→ **Brief**
Give back exactly the stretch of data below from the line holding "夏着物 2way ガウン" through the line holding "گل ها به رنگ", both ends included, and leave the remaining lines out.

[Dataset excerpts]
◆ ◆ ◆ ◆ ◆ ◆ ◆

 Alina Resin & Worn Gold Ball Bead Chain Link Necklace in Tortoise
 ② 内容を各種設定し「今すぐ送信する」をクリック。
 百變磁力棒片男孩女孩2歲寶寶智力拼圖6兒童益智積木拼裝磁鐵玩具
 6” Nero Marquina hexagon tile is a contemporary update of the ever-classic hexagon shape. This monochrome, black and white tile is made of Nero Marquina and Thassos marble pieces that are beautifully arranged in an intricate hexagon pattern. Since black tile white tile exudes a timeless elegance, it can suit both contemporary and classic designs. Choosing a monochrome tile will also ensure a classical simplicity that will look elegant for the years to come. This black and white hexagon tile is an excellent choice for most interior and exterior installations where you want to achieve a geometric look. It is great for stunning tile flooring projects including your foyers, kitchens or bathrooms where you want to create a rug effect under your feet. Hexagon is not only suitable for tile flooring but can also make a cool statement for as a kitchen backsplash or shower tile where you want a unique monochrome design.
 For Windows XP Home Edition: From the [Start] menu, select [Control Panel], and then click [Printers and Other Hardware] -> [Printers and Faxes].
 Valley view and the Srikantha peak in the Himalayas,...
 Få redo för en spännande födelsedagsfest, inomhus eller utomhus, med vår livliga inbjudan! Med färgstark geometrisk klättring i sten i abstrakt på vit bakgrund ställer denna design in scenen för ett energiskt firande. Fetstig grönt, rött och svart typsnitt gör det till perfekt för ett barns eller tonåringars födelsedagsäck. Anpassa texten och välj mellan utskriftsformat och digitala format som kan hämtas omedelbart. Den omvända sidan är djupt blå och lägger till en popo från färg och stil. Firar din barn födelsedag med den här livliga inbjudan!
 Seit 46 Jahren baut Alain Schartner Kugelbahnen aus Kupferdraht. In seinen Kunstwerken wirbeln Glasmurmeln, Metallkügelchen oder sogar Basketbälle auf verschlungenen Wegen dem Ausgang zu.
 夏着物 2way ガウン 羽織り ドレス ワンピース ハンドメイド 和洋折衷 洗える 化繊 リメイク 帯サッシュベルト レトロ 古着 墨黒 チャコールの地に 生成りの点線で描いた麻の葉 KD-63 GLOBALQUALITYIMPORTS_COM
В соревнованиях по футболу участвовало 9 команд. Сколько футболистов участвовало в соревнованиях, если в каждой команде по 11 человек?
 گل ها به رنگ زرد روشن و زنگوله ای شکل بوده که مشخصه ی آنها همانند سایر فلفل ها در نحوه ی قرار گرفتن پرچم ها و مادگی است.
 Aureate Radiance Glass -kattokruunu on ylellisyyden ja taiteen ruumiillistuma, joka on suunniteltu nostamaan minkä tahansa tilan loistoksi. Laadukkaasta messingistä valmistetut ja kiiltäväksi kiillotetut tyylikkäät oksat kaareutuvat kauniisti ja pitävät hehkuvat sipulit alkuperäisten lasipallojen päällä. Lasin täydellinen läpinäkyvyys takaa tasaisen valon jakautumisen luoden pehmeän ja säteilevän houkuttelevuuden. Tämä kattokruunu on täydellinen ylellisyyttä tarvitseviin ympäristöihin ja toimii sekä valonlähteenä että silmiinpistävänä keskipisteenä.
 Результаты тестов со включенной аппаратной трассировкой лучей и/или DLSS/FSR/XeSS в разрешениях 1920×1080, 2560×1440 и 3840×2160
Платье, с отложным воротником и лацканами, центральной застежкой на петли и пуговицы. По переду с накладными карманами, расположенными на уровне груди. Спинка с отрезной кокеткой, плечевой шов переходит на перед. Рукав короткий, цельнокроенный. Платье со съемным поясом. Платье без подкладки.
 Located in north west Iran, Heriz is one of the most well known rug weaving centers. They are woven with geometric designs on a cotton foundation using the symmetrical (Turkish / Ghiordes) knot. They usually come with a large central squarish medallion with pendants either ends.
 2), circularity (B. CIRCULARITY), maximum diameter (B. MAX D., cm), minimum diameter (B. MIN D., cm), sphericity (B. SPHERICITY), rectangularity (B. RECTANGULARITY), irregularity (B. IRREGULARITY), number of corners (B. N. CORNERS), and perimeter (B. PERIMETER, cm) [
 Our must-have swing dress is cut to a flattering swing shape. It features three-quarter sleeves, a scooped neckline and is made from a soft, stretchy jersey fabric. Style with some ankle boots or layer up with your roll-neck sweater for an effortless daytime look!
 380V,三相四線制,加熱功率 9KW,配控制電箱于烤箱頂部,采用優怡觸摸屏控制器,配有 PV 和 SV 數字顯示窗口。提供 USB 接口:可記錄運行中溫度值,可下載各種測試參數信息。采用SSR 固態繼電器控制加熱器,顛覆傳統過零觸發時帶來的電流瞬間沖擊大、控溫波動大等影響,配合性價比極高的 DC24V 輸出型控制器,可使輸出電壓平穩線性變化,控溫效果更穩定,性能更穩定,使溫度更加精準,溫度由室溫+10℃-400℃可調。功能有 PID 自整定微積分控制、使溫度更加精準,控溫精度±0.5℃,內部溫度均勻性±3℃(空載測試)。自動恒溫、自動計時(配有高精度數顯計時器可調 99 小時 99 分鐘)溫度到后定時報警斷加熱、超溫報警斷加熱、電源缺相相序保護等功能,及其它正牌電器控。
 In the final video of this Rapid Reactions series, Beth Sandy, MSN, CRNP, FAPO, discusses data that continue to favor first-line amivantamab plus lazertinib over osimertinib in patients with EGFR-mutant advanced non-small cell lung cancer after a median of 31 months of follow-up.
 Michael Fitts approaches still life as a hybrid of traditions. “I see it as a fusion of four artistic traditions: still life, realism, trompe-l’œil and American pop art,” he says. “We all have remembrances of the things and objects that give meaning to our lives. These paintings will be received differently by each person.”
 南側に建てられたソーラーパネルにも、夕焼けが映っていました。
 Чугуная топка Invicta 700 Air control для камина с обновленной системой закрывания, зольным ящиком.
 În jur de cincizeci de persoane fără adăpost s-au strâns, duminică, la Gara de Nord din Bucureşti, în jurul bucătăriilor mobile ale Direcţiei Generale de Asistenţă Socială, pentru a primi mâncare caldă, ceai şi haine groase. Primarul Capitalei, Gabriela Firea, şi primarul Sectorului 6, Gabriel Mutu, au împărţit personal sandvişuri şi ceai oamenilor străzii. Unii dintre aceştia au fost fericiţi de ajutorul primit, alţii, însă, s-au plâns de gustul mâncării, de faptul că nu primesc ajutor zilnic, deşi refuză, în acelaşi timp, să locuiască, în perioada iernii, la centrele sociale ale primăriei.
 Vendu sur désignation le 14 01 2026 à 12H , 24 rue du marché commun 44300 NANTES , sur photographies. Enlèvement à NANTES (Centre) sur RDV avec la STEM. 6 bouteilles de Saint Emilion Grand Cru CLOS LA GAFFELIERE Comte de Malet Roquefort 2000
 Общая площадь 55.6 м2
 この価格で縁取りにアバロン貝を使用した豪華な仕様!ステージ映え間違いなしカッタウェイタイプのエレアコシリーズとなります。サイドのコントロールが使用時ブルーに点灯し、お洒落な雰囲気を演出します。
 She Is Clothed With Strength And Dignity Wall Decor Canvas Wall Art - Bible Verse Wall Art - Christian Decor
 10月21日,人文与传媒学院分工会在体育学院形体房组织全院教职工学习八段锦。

◆ ◆ ◆ ◆ ◆ ◆ ◆

→ **Response to the task**
 夏着物 2way ガウン 羽織り ドレス ワンピース ハンドメイド 和洋折衷 洗える 化繊 リメイク 帯サッシュベルト レトロ 古着 墨黒 チャコールの地に 生成りの点線で描いた麻の葉 KD-63 GLOBALQUALITYIMPORTS_COM
В соревнованиях по футболу участвовало 9 команд. Сколько футболистов участвовало в соревнованиях, если в каждой команде по 11 человек?
 گل ها به رنگ زرد روشن و زنگوله ای شکل بوده که مشخصه ی آنها همانند سایر فلفل ها در نحوه ی قرار گرفتن پرچم ها و مادگی است.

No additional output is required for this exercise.